California Watch has launched a new website, with a focus on enabling readers to learn more and take action on the investigations its team pursues.
The new website includes investigative stories by journalists from California Watch, which is a non-profit investigative news project of the Center for Investigative Reporting (CIR), and a blog related to the beats that its reporters cover.
It also has databases and research centres that readers can access directly, with information such as campaign finance records, crime statistics, school attendance rates, and environmental clean up sites. For example, reports submitted to the U.S. government by recipients of the stimulus funds are available for searching on the site. There are also sections with contact information for public officials, advice on accessing public records and insights from reporters on the news gathering process.
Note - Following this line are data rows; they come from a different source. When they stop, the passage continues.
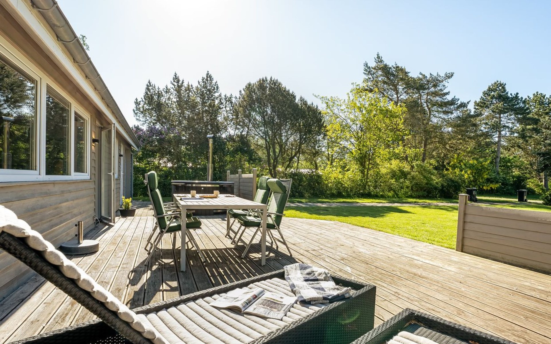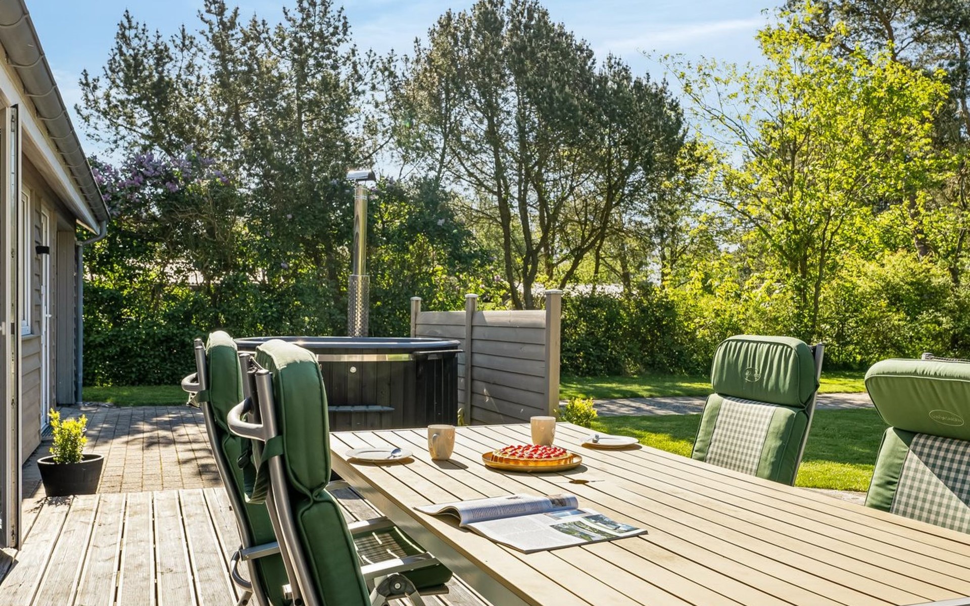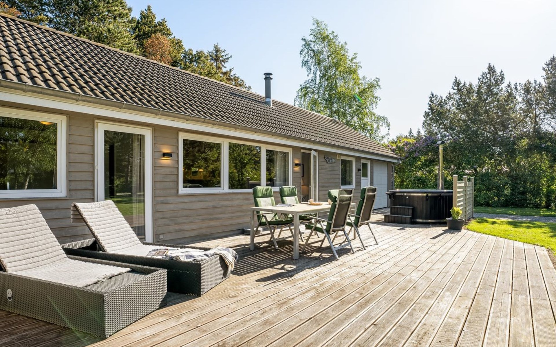 Einfamilienhaus, Baujahr 2009. 700 m vom Meer. Zur Alleinbenutzung: Grundstück 1'200 m2, gepflegter Garten. Grill. Im Hause: Tischfussball, Waschmaschine. Parkplatz beim Haus. E-Ladestation. Lebensmittelgeschäft 1 km. Golfplatz 5 km. Der Besitzer akzeptiert keine Jugendgruppen.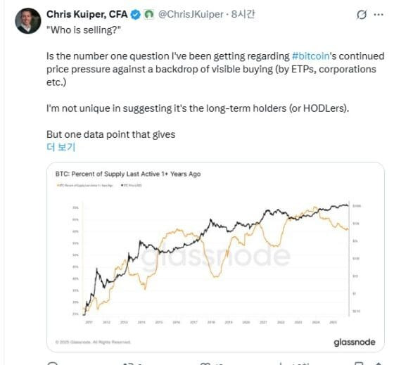 최근 비트코인(BTC)이 ETF와 기업들의 '보이는 매수'에도 불구하고 지속적인 하락 압력을 받는 배경은 장기 보유자들의 매도가 원인이라는 분석이 제기됐다. 크리스 쿠이퍼(Chris Kuiper) 피델리티 디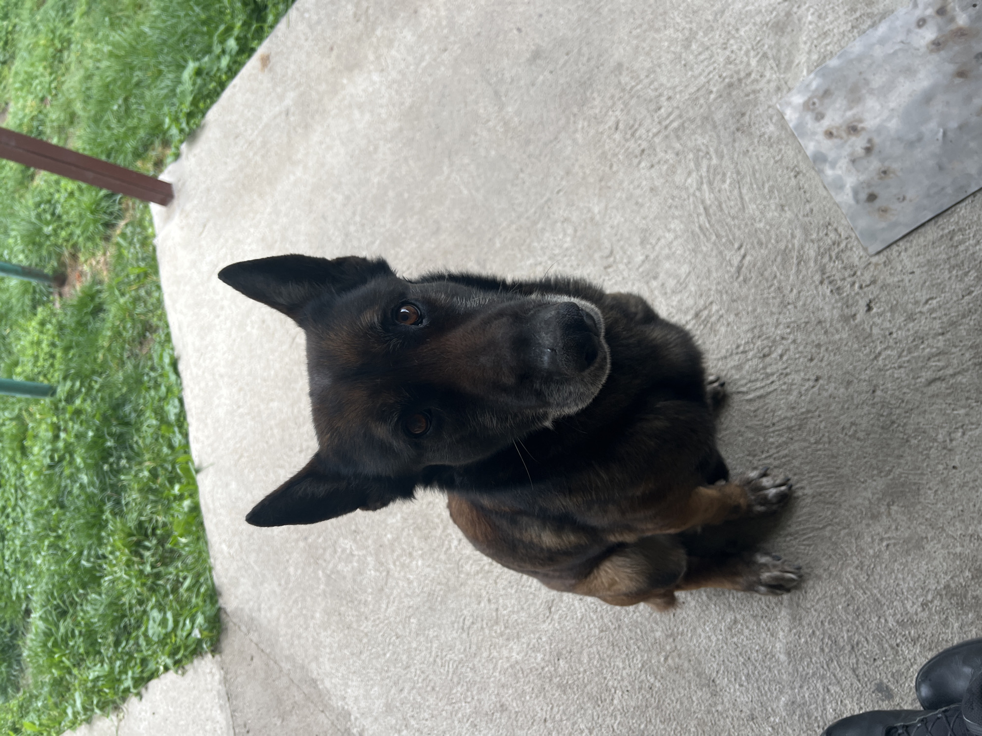 A medium-sized, dark-furred dog with erect ears is sitting on a light gray concrete surface. The dog is looking up and to the side, directly at the viewer. Part of a lawn and a railing are visible in the background on the left. There's a piece of metal with stains on the concrete to the right of the dog. A pair of dark shoes are visible in the bottom right corner. The location is outdoors, potentially a patio or porch. This scene does not contain enough information to definitively place it within the city of Svilengrad, Bulgaria.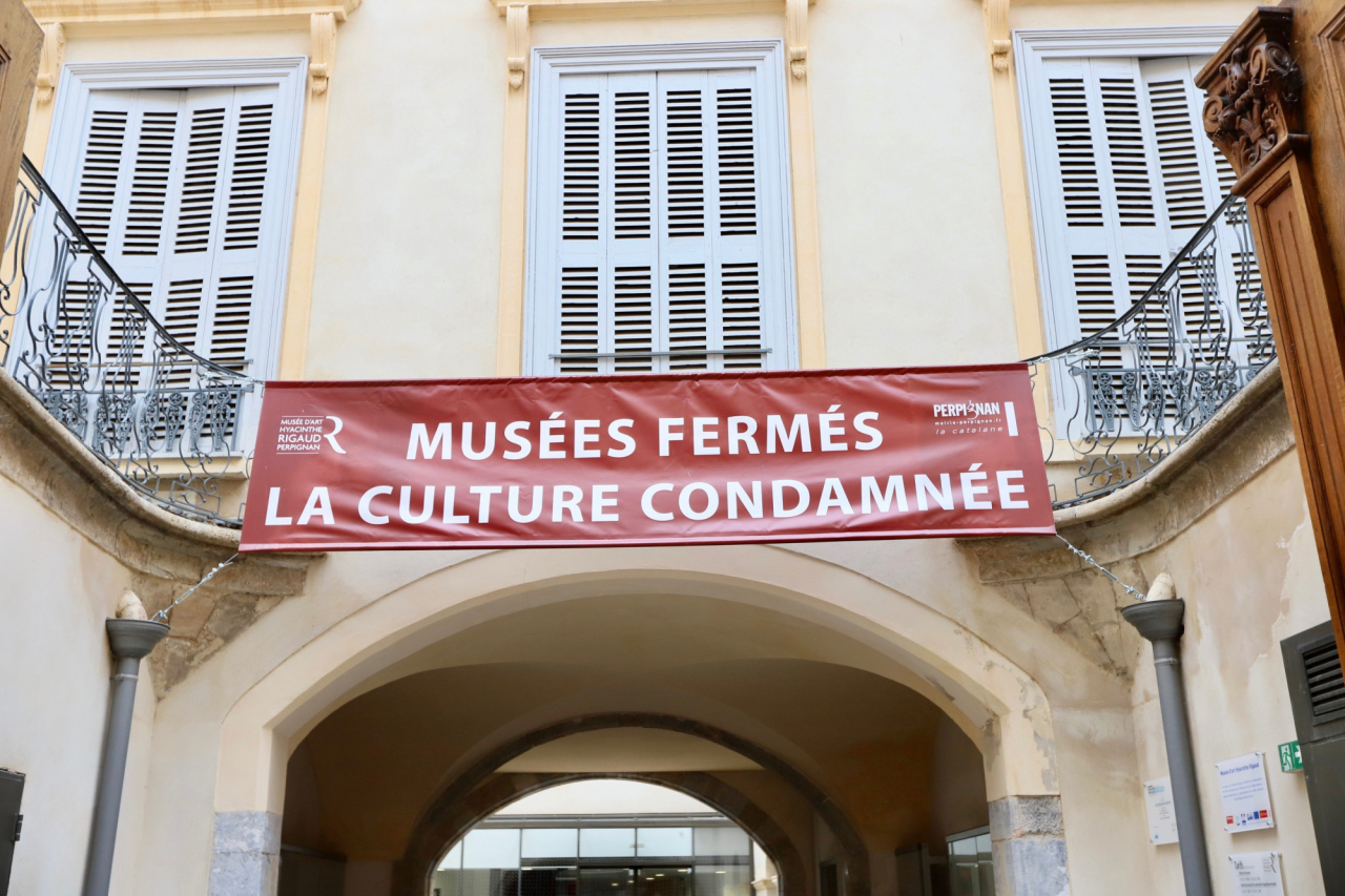 Le message « Musées fermés, la culture condamnée » arbore les 2 entrées du musée Hyacinthe Rigaud. Un symbole fort qui traduit le regret de la municipalité à refermer ses structures culturelles.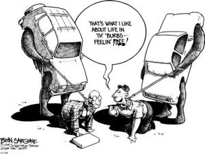 A couple things. Firstly, I have no idea where this photo is from, but it could be a shot of any suburban street in America (I found the photo and the below cartoon here). And secondly, if you are a suburbanite reading this I mean you no disrespect (I spent my teen years in the suburbs), I just think that urban living makes a lot more sense (and I am more comfortable there). If you like suburban living that’s your choice, I am not trying to tell you otherwise. But from a biker/walker/car-lite person, this is how I see it.

The idea is that readers can access the information that interests them, whether about their local area or their preferred topics, and take action.
CIR executive director Robert Rosenthal said that his centre would continue to produce investigative journalism on national and international topics, while also focusing on stories that were important to the people of California.
"We've created an investigative reporting team for California that will not only expose corruption and wrongdoing, but will spark debate and give people the tools to learn more and identify solutions that will hopefully improve the quality of life in the state," he said.
California Watch has a 13-person editorial team and was launched last year to as a new model for regional investigative reporting. Their plan to adopt a syndication-fee model differs from other non-profit news organisations such as ProPublica and the Texas Tribune. Its stories are distributed widely through collaborative relationships with local and regional news publishers across California.
It already seems to be a success story, with front page stories published across the state before the official launch in December. And any projects supporting investigative reporting are clearly important work. It remains to be seen, however, whether the non-profit business model can be sustainable.